Let me ask you this: Why has Congress exempted Facebook and Google — virtual monopolies — from centuries-old libel and slander common law that tens of thousands of traditional media companies must abide by day in and day out?
To add salt to this gaping wound, the digital ad world is rife with fraud.
In a recent exposé, national website Buzz Feed explained how digital ad fraud works:
The first step to creating convincing fake traffic is to acquire apps used by actual human users. The fraudsters study the behavior of the users and then create bots — automated computer programs — that mimic the same actions. The bots are loaded onto servers that contain specialized software that enables the bots to generate traffic within the specific apps.
In the case of websites in the scheme, the bots visit them using virtual web browsers that help present this traffic as human.
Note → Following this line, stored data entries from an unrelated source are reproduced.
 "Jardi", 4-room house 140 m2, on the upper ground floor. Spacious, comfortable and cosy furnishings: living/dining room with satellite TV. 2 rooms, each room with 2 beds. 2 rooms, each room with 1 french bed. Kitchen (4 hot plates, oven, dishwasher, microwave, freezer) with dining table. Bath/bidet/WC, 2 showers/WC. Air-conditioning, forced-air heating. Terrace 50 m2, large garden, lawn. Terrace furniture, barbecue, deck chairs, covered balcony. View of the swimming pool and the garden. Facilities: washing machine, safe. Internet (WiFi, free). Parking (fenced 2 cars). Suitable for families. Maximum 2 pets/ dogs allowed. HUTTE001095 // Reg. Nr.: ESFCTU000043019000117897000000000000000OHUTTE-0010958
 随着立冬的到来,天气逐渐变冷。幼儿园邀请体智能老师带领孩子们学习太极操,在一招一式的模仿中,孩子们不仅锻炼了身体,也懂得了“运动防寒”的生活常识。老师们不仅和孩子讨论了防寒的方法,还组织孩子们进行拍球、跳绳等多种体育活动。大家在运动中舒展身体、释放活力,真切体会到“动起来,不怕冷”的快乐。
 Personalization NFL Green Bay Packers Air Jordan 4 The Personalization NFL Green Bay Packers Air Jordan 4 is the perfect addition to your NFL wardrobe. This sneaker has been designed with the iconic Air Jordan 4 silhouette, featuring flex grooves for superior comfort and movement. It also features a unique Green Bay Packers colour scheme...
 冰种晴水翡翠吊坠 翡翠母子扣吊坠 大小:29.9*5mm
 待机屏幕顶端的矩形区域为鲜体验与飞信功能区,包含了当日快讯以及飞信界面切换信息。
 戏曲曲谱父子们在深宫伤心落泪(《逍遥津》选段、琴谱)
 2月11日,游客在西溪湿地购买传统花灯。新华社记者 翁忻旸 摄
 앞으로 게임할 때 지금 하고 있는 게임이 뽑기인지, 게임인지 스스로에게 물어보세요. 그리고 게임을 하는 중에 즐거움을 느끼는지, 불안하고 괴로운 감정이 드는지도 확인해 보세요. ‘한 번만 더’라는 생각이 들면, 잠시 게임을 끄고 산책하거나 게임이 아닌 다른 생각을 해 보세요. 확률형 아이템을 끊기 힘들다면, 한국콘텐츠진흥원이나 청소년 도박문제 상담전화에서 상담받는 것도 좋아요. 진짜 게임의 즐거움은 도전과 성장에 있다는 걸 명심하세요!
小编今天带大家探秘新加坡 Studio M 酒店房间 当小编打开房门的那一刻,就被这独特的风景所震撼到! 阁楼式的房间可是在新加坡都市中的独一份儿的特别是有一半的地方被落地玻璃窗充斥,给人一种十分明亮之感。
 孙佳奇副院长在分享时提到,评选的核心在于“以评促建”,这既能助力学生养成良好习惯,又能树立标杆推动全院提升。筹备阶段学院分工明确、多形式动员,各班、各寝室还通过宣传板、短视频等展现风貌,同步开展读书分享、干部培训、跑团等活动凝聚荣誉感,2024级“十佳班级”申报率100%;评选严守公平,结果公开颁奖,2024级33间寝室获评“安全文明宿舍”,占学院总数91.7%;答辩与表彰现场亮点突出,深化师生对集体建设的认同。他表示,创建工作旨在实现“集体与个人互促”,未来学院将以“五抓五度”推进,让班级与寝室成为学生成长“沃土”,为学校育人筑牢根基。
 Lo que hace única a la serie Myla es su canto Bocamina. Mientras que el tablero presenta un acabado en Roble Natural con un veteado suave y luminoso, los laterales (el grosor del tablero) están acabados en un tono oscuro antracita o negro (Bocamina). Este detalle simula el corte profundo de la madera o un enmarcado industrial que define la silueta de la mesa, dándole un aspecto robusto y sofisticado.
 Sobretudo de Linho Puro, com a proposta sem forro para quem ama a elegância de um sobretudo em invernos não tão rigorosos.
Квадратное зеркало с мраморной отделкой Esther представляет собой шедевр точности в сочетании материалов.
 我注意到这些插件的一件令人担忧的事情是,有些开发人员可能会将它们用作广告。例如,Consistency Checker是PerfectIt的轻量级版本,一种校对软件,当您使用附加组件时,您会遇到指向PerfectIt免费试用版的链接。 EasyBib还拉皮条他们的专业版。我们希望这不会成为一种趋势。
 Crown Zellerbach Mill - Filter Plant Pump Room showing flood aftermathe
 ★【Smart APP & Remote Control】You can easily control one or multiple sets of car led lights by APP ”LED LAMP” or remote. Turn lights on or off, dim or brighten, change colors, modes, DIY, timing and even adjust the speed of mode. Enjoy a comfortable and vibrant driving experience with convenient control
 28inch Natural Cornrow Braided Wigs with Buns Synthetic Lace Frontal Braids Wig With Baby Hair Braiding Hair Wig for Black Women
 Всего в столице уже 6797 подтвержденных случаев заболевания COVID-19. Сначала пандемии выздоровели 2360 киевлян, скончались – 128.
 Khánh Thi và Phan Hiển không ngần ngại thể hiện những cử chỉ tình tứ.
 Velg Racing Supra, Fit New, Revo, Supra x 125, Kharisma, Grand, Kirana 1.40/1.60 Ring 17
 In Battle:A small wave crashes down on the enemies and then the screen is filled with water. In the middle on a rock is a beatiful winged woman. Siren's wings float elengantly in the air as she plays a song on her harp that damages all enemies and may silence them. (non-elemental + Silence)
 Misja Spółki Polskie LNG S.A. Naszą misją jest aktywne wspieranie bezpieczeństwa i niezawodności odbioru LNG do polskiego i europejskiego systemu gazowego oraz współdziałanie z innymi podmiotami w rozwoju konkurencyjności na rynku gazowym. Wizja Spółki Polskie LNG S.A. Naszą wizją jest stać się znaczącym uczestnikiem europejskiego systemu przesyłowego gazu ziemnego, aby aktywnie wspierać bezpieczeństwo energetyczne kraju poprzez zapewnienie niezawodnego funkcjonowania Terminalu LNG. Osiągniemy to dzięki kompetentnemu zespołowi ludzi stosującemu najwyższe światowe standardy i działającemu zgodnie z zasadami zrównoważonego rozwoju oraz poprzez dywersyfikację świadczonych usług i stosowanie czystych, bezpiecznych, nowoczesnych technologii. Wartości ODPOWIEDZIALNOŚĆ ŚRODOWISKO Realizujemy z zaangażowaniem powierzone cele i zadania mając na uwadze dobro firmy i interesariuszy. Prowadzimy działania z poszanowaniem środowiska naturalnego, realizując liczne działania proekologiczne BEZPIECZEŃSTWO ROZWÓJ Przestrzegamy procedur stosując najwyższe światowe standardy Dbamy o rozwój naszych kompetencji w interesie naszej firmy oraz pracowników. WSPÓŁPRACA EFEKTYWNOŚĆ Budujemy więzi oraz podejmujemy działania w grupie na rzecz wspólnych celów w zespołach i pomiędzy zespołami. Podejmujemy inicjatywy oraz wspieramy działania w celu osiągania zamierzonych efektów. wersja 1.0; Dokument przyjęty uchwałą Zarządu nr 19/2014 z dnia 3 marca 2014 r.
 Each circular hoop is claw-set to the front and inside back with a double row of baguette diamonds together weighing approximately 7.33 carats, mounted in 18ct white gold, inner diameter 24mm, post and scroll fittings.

In both cases, the fake traffic generates ad views, which in turn earns revenue.
The blending of real humans with bots helps defeat systems built to detect fake traffic because the real traffic and fake traffic look almost exactly the same.
Procter and Gamble just cut their digital advertising by $200 million and saw no effect on sales, leading the company to question the effectiveness of digital advertising.
Digital advertising sells itself as transparent, producing a mountain of data. Only problem: No one knows if that data is real. It’s just images on a screen, easily faked.
Meanwhile, my company’s newspapers and magazines are a real product that you can touch, see and feel. It is not vaporware. It is tangible. It is real. It can’t be faked. Our completely local websites with local ads aren’t connected to the national digital ad networks that are rife with fraud.
In most of our communities, we are the only source of news — just a handful of reporters for tens of thousands of American citizens. We are facing huge challenges to survive. Already there are vast “news deserts” across the American heartland. Corruption proliferates.
Readers and advertisers must support newspapers or they will die. And when they die, they will be sorely missed and hard to bring back. Then Facebook, Google and Amazon will suck out every penny from your communities and give nothing back in return, all the while spying, reporting and profiting from your every word and every move.
Big Brother is here. He walked right through our front door as we lobsters were enjoying a nice warm bath.